## EXERCISE INPUTS:
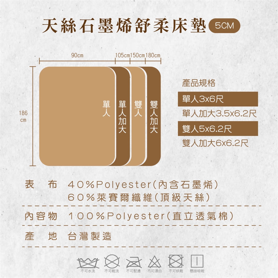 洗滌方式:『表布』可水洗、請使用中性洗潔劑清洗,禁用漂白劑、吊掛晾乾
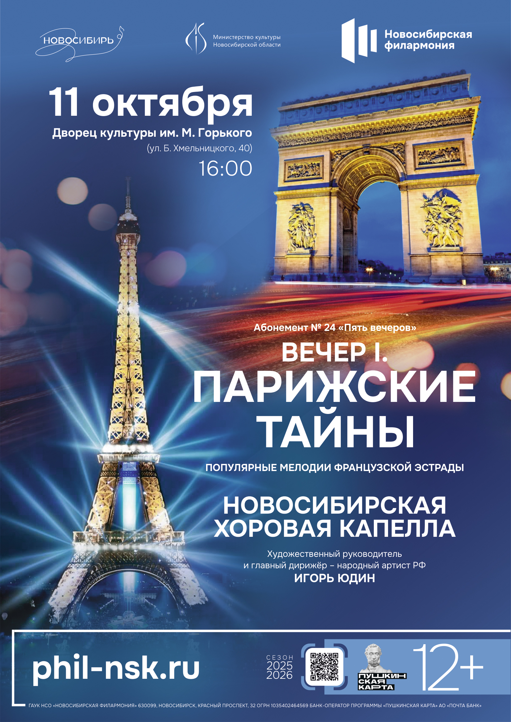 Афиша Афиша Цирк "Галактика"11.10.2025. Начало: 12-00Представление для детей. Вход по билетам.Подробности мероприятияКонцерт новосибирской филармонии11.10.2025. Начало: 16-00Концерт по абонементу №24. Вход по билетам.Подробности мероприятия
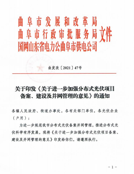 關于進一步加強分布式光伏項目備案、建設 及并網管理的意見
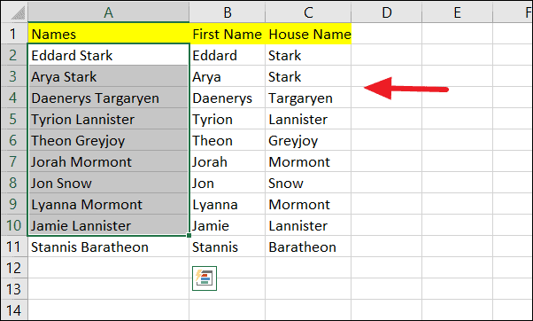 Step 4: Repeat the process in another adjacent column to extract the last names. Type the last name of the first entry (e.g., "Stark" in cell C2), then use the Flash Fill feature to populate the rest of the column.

==

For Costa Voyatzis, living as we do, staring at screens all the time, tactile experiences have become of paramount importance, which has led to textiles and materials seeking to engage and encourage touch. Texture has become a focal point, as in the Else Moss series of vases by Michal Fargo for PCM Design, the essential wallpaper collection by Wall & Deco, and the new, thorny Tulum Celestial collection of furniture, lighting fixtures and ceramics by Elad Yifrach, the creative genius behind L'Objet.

==

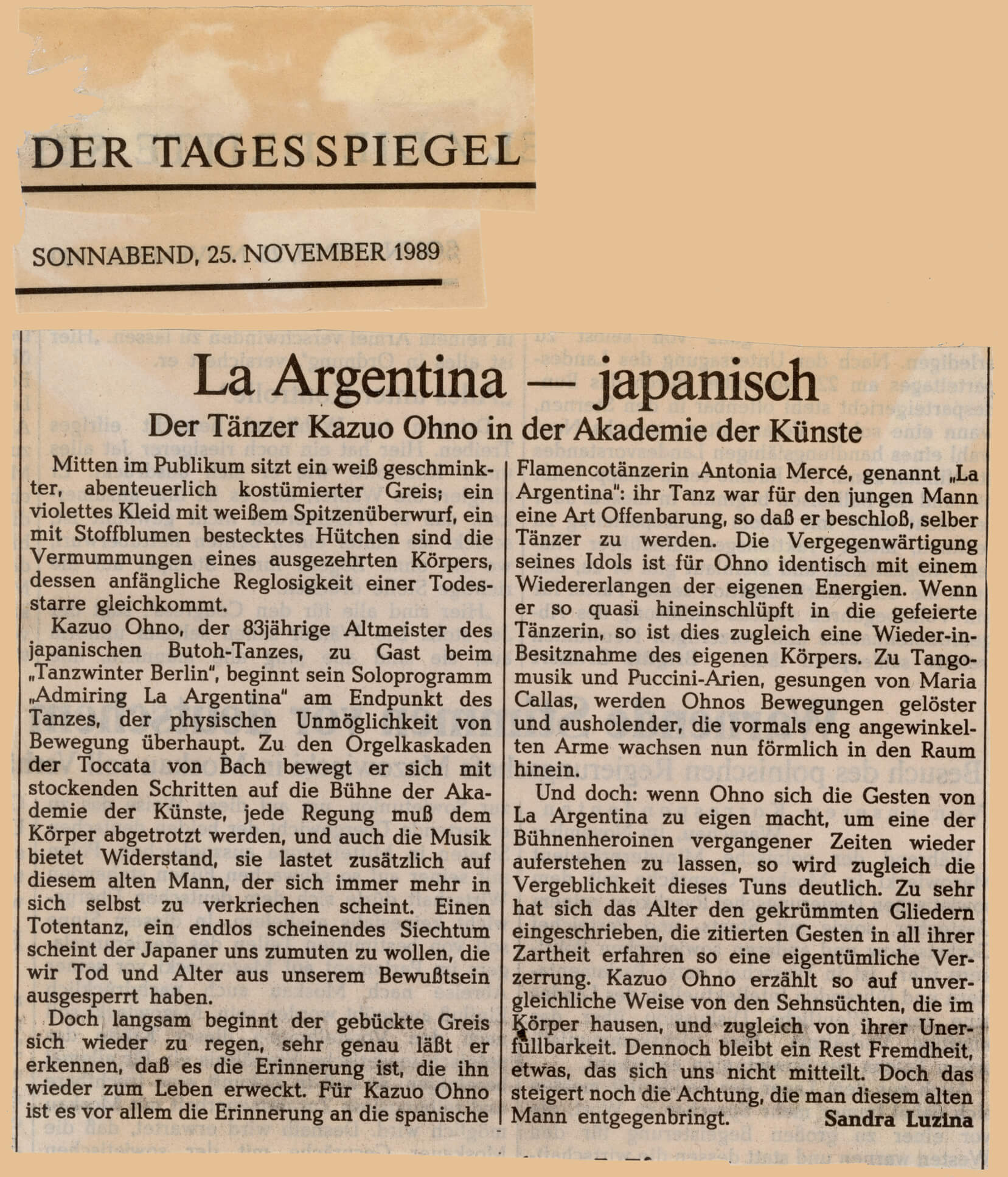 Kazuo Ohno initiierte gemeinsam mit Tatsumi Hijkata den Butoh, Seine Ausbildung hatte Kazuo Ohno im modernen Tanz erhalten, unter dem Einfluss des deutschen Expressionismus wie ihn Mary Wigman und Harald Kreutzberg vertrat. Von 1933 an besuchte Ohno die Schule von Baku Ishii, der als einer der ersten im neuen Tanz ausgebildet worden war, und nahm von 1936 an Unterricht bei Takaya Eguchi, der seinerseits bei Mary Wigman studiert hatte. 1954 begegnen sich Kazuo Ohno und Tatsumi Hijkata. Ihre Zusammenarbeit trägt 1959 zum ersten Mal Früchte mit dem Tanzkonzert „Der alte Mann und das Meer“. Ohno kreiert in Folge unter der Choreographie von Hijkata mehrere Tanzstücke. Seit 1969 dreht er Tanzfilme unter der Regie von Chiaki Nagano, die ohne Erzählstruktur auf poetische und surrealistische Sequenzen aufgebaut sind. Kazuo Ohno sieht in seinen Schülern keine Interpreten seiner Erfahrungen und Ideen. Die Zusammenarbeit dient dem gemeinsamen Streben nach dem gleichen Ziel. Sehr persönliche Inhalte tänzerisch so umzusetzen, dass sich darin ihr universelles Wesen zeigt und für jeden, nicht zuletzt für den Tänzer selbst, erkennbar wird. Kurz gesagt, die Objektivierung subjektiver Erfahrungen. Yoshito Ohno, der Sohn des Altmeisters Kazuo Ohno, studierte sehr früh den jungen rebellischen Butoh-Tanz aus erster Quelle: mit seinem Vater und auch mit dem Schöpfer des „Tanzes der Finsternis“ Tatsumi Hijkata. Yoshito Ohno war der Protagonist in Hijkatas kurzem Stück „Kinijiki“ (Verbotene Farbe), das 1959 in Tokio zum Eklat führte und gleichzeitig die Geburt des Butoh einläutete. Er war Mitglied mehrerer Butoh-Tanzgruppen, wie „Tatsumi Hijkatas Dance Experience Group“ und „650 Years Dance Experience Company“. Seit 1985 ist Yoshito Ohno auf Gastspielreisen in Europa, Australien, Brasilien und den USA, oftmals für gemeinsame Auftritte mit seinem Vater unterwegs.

## WORK REQUEST:
Although pictures appear among the records above, none are to be output; print exactly the lines from the line containing "洗滌方式:『表布』可水洗、請使用中性洗潔劑清洗,禁用漂白劑、吊掛晾乾" through the line containing "Step 4: Repeat".

## WRITTEN SOLUTION:
 洗滌方式:『表布』可水洗、請使用中性洗潔劑清洗,禁用漂白劑、吊掛晾乾
 Афиша Афиша Цирк "Галактика"11.10.2025. Начало: 12-00Представление для детей. Вход по билетам.Подробности мероприятияКонцерт новосибирской филармонии11.10.2025. Начало: 16-00Концерт по абонементу №24. Вход по билетам.Подробности мероприятия
 關于進一步加強分布式光伏項目備案、建設 及并網管理的意見
 Step 4: Repeat the process in another adjacent column to extract the last names. Type the last name of the first entry (e.g., "Stark" in cell C2), then use the Flash Fill feature to populate the rest of the column.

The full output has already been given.